Taxman not interested in Bitcoin

3 March 2014

bitcoin1-300x300 Bitcoin - or, as it should be called: Hippie Money - is a real buzzword at the moment, despite the fact that the vast majority of people don't know what it is.

Either way, this new currency is becoming quite the thing for web-crusties who look at it like it is our saviour from the banks, despite having to shut down recently, thanks to a massive loss. In Britain, it is all set to grow as HMRC rules that they're not at all interested in charging VAT on Bitcoin transactions.

Yet.

The Tax People held talks with UK Bitcoin traders last week and decided that they would not charge the 20 per cent VAT tax on trades, and, on top of that, wouldn't be charging the tax on entrepreneurs' Bitcoin margins either.

Suddenly, shark-eyed business sorts are thinking of getting on-board with the Hippie Money now that Britain will be one of the most tax-friendly places for this cryptocurrency. And they're right to keep an eye on it. At the moment, there's around $6.9bn worth of Bitcoins in circulation.

As Bitcoins are not traceable, this could be an excellent area for criminals and tax-dodgers to get involved in. Your dealer might start dealing solely in Bitcoins. Vodafone and Chris Moyles might start getting on it too.

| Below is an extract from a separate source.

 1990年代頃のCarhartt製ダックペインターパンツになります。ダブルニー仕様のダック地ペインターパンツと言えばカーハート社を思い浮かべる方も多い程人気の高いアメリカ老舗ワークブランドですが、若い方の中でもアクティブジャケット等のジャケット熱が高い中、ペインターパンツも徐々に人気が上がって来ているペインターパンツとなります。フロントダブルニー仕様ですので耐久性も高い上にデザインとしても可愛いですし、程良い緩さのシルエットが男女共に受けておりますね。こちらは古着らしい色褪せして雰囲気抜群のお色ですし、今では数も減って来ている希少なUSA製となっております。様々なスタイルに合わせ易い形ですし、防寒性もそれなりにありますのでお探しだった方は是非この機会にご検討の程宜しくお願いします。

Jonathan Harrison, someone looking to bring Bitcoin ATMs to the UK, thinks this is good news, saying: "If they had added VAT that would have destroyed us, there would have been no point in starting this business at all. It’s great that the UK authorities are seeing Bitcoin as an innovative technology that can help the economy."

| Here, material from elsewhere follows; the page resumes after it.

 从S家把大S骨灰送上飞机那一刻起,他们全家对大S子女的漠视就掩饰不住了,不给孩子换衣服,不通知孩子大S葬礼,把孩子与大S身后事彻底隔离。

Is this the money of the future? We all know how well the babyboomer hippies did when it came to making money, don't we?

TOPICS:   Banking   Tax

2 comments

  • Samantha
    Ugh Bitcoin did not shut down, one exchange did (granted a very big one) that's like saying that the Euro stopped trading because Thomas Cook was closed. And Bitcoin isn't untraceable, completely the opposite, every transaction is recorded and kept in a publicly available log forever, going right the way back to the initial creation of that coin. It's just that with a little knowhow, they're incredibly easy to wash, and once washed you can store them in a wallet that can't be linked to you.
  • JP
    What a misleading title... What happened is that HMRC decided to treat Bitcoins as a currency rather than a commodity - which is correct, really. And that's why businesses are all over it, because they can now accept it here without being treated as though they were paid in silver.